=== PROBLEM ===
Reproduce exactly the lines below, from the first one through the line containing "Silver Trees Cotton", and omit any pictures.

── RECORDS FOR THIS TASK

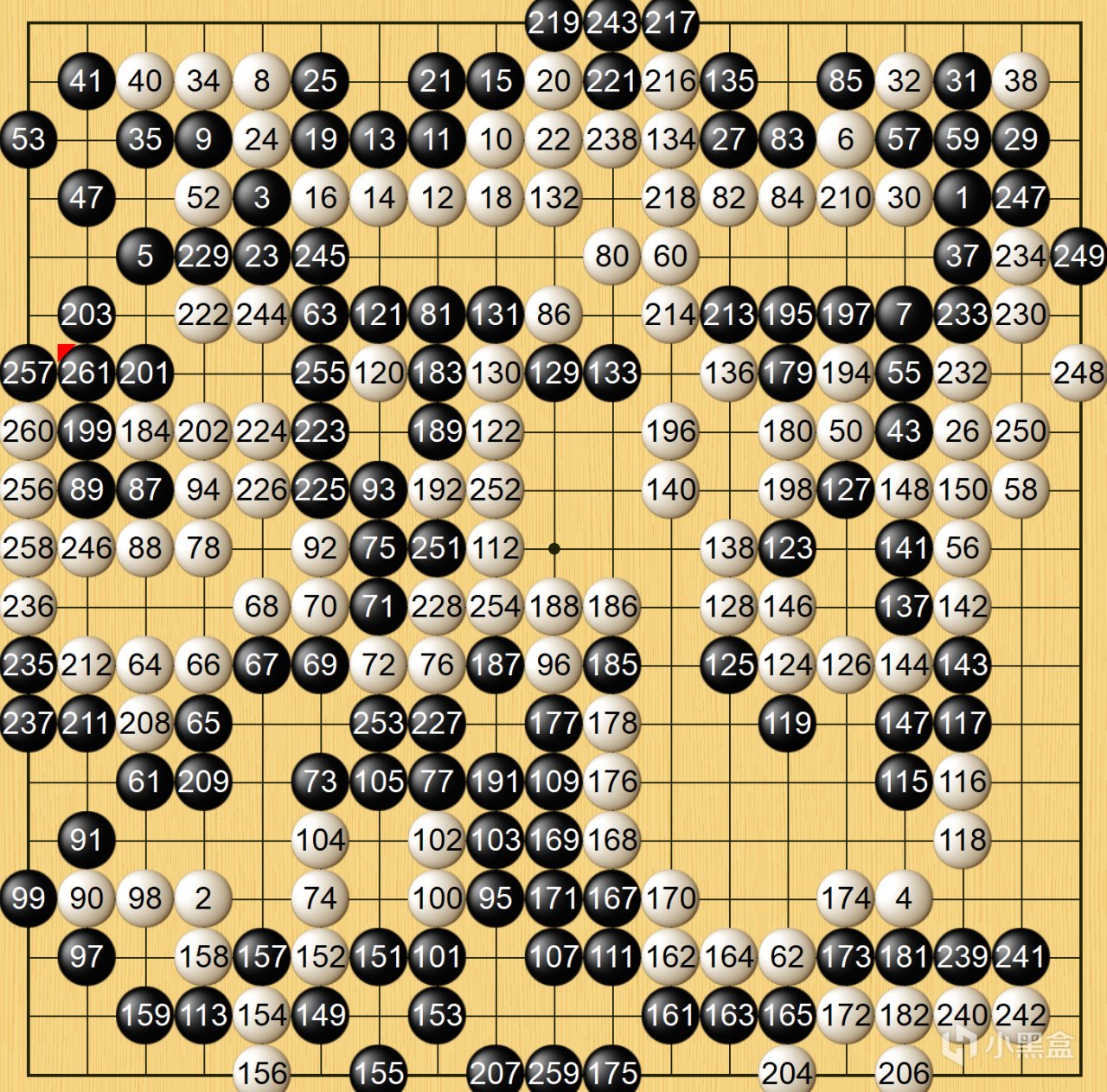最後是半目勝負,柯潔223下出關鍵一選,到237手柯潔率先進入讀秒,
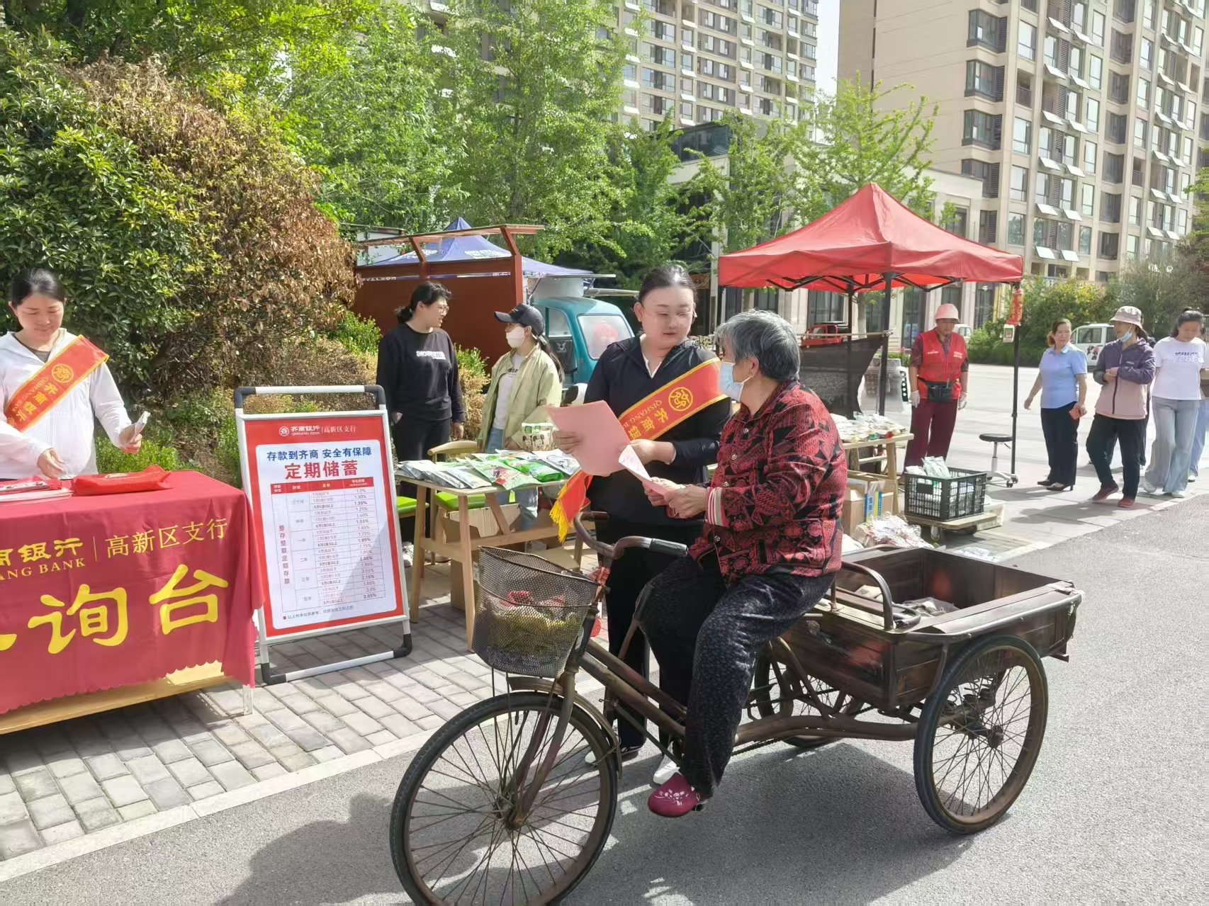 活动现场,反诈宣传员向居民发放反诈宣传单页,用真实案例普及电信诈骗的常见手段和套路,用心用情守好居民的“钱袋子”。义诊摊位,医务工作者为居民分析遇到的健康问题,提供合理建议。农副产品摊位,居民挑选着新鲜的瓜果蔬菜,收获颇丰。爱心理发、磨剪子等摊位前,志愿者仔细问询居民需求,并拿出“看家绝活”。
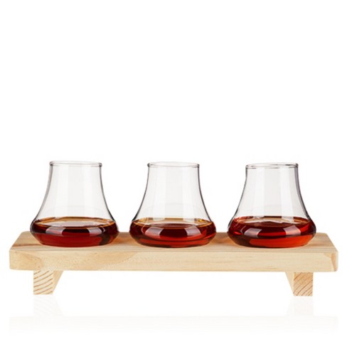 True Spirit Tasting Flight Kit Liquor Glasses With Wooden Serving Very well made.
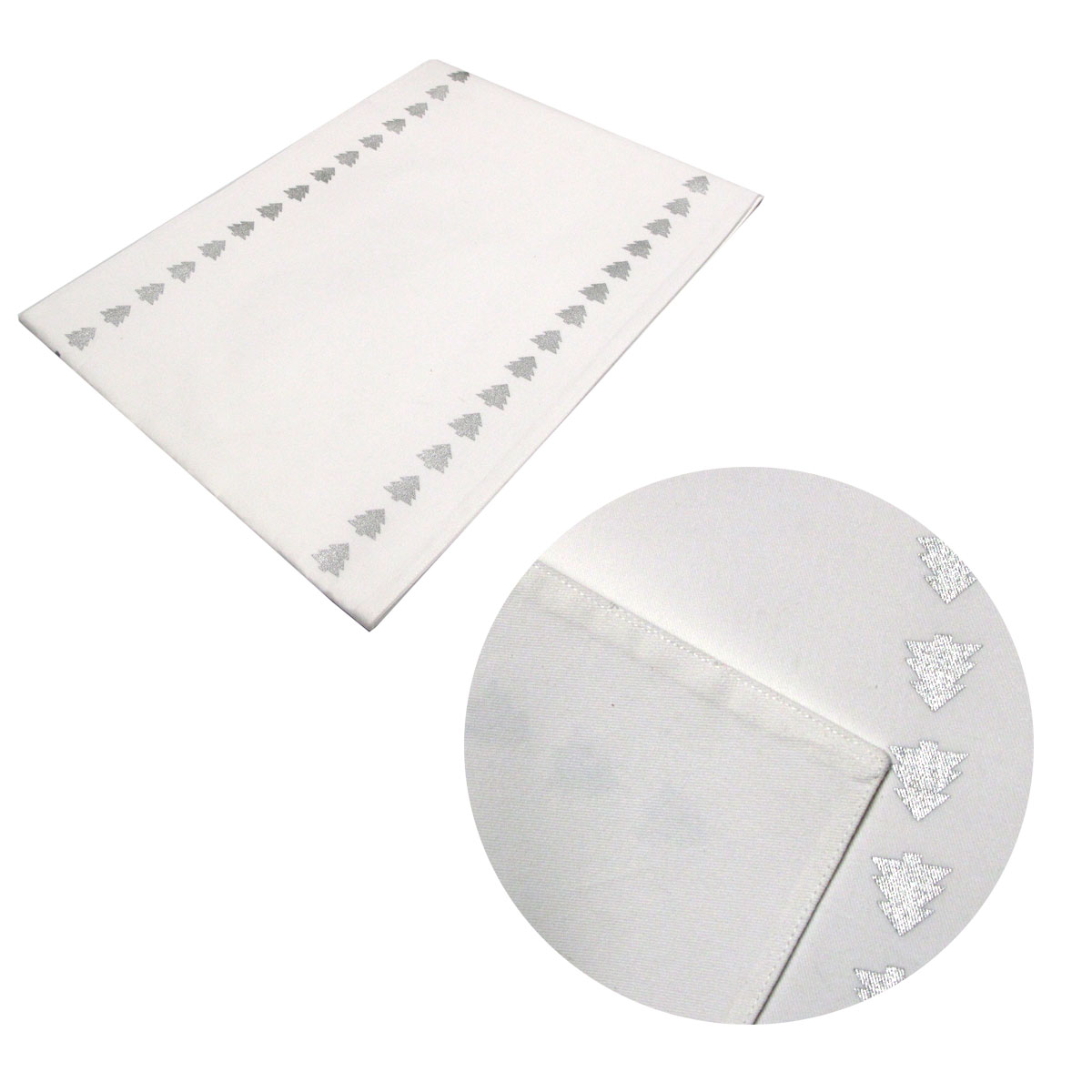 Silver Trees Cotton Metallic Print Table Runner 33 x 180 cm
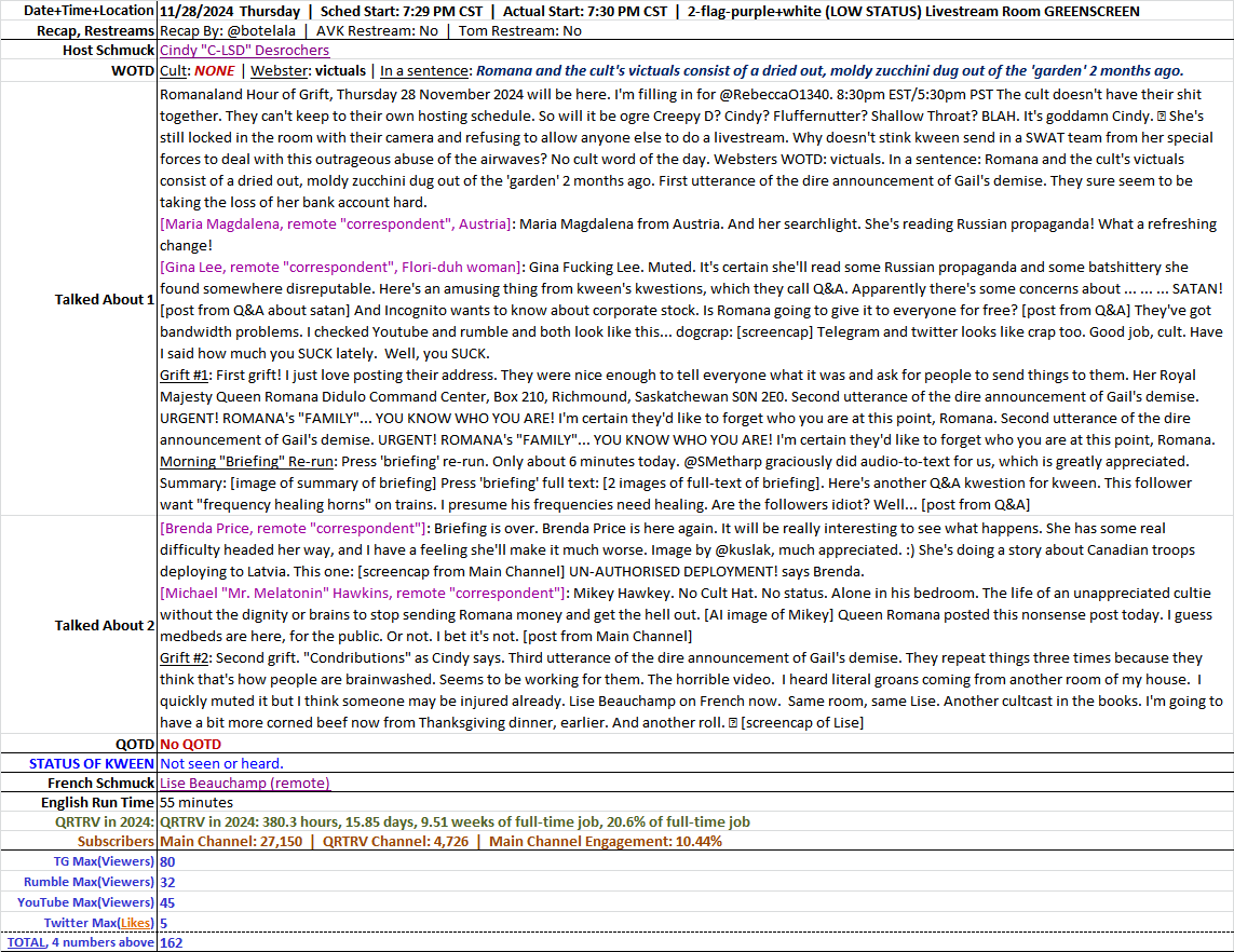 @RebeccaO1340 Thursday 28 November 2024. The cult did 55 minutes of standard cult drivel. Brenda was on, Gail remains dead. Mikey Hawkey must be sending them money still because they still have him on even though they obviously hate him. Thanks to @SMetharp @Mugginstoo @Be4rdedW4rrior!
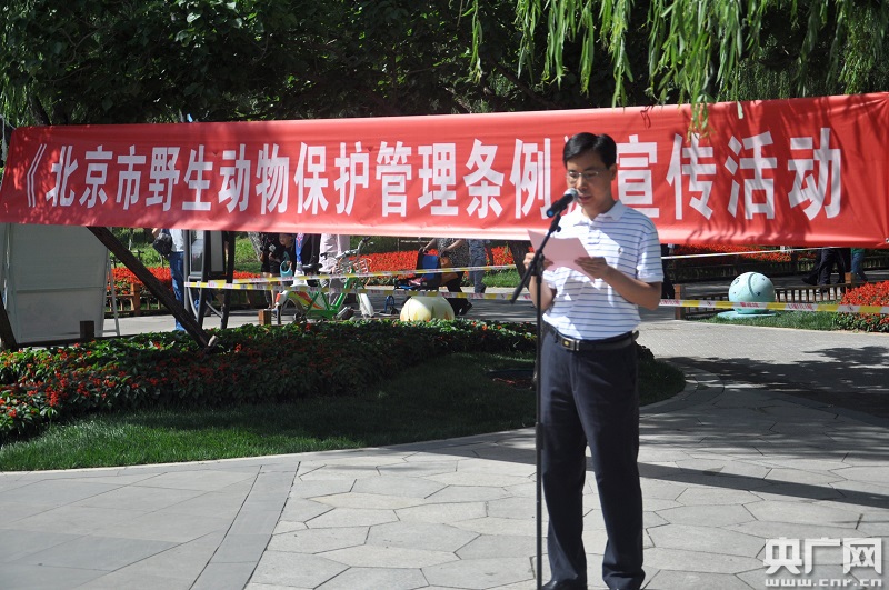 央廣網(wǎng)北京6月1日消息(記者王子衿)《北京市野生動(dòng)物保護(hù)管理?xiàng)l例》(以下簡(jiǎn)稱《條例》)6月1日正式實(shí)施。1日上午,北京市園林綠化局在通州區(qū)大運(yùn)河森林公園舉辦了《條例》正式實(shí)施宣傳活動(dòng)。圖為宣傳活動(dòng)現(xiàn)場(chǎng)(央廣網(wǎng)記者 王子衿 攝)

────

=== RESULT OF THIS TASK ===
最後是半目勝負,柯潔223下出關鍵一選,到237手柯潔率先進入讀秒,
 活动现场,反诈宣传员向居民发放反诈宣传单页,用真实案例普及电信诈骗的常见手段和套路,用心用情守好居民的“钱袋子”。义诊摊位,医务工作者为居民分析遇到的健康问题,提供合理建议。农副产品摊位,居民挑选着新鲜的瓜果蔬菜,收获颇丰。爱心理发、磨剪子等摊位前,志愿者仔细问询居民需求,并拿出“看家绝活”。
 True Spirit Tasting Flight Kit Liquor Glasses With Wooden Serving Very well made.
 Silver Trees Cotton Metallic Print Table Runner 33 x 180 cm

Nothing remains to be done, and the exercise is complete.